The planner never sees raw untrusted tokens. The executor never sees free-form instructions. Tool invocations are dispatched by a deterministic interpreter that enforces capability constraints attached to each value: a string scraped from an email carries a taint label that forbids it from being passed as the recipient of send_email or as a path to fs.write. Policy violations are caught at the interpreter, not by asking a model nicely.

This is, structurally, the same idea as W^X memory or CFI in binaries. You don’t try to detect malicious instructions in the data section. You make data non-executable.

What this looks like in practice

A coding agent built this way might decompose into:

planner_llm(goal, policy) -> Plan
Plan := Step+
Step   := tool_call(name, args) where args reference TaintedValue ids
executor(plan):
  for step in plan:
    check_capabilities(step, taint_labels)
    result = dispatch(step)
    if result.untrusted:
      result = quarantine_llm.extract(result, schema)
      result.taint = UNTRUSTED

The non-obvious work is the policy language. “Untrusted strings cannot become shell arguments” is easy. “A file path read from a code review comment cannot be written to outside the repo’s working tree” requires a real type system over capabilities, with provenance tracking through transformations.

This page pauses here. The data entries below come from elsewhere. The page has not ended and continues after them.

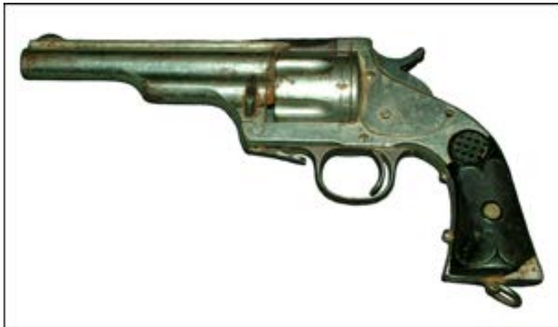
Револьвер Merwin & Hulbert Frontier 4th Model [14].

Серед інших цікавих зразків цього періоду, які використовували афганці в боротьбі з радянськими військами, був американський револьвер Merwin & Hulbert Frontier 4th Model, виготовлений між 1887 та 1891 рр. Це доволі рідкісна зброя, ціна якої на сучасних аукціонах сягає 1000 доларів США.
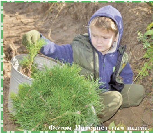
Фотом Интернет гыч налме.

Марий Эл «Сохраним лес-2020» всероссийский акцияш ушнен. Акцияш икымше участникше-влак Йошкар-Оласе Бауман лицейын 2-шо «Б» классыште тунемше ўдыр-рвезе-шамыч лийыныт. Икымше кечын кумылан-влак
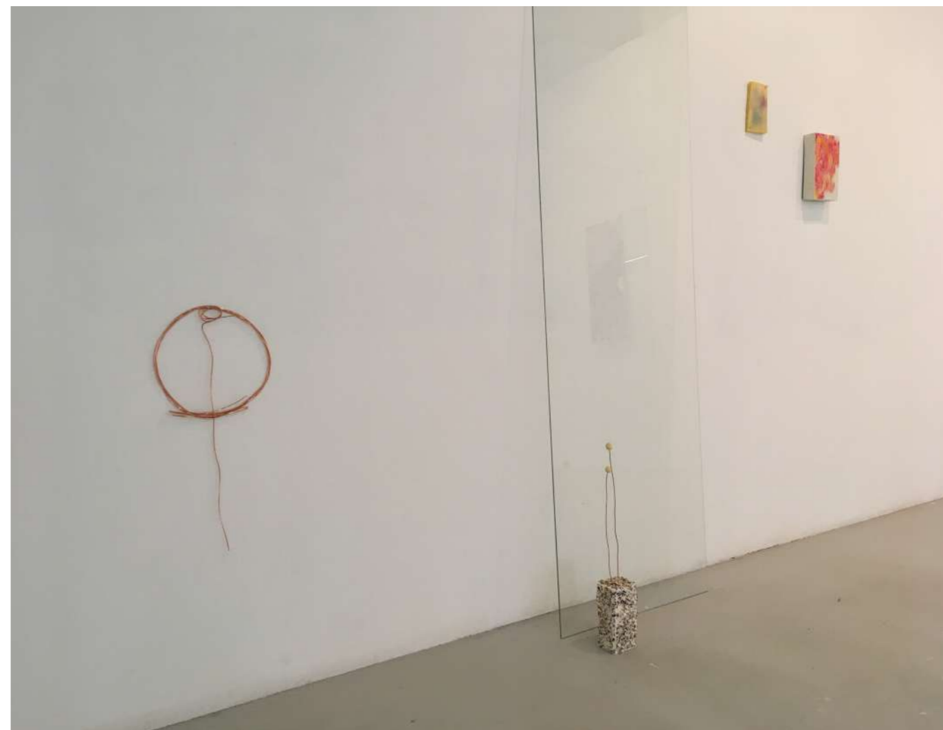
Venus as a boy, 2018 Détails de l'installation, DNSEP Lien de la musique dans l'espace: https://soundcloud.com/user-247197586

Several 2026 frameworks (Anthropic’s tool-use schema extensions, the open-source agentkit-cap project, Microsoft’s Inner Loop work) are converging on labels-plus-policy rather than free-form sandboxing.

Mapping to 800-53

When you write the SSP, this architecture has the pleasant property of mapping cleanly to existing control families rather than requiring hand-waving overlays.

Control How the pattern satisfies it
AC-3, AC-4 Capability labels enforce mediated access and information flow between trust domains
AC-6 Planner runs with the user’s authority; quarantine model runs with none
SC-3 Hard separation of planner, executor, and quarantine model processes
SC-7 Tool dispatcher is the only egress; no model directly invokes external services
SI-10 Structured-output extraction validates all untrusted content against a schema
SI-7 Plan integrity: signed plans, deterministic execution, no mid-flight replanning on untrusted content
AU-2, AU-12 Every tool invocation is interpreter-mediated, so logging is complete and tamper-evident
CA-7 Policy violations surface as interpreter exceptions, not buried model behavior

The AU story alone is worth the architectural cost. Auditing a freeform ReAct loop is nearly impossible — the model can decide to stop logging, lie about what it did, or chain tool calls the logger didn’t anticipate. An interpreter-mediated agent produces an audit trail with the same fidelity as a syscall log.

Where it breaks

Honest caveats. Capability systems are only as good as the policy you write, and writing policy for general-purpose agents is hard. The quarantine model still has to be correct enough to extract structured fields without being tricked into lying about them — though lying in a typed schema is a much narrower attack surface than free-form output. Latency goes up: two model calls plus a structured extraction per untrusted input. And expressiveness drops, which is the real reason vendors resist this design — a fully constrained agent is less impressive in demos than one that improvises.

There are also hard cases the pattern doesn’t solve. Side-channel exfiltration through plan-shape choices. Adversarial inputs that corrupt the quarantine model’s extraction in semantically valid ways. Multi-tenant memory poisoning where an attacker plants content today that the planner trusts tomorrow. RA-3 and SR-3 still apply.

The takeaway for ATO work

If you’re an ISSO looking at an agentic system and the answer to “how do you prevent prompt injection from causing unauthorized tool execution” is a list of mitigations on the input side, that system is not authorizable for anything that touches consequential actions. Ask for the control-flow architecture. Ask where the trust boundary is between instruction tokens and data tokens. If the team can’t draw it on a whiteboard, there isn’t one.

The agents that survive the next two years of red teaming will be the ones designed like operating systems, not like chatbots with extra steps.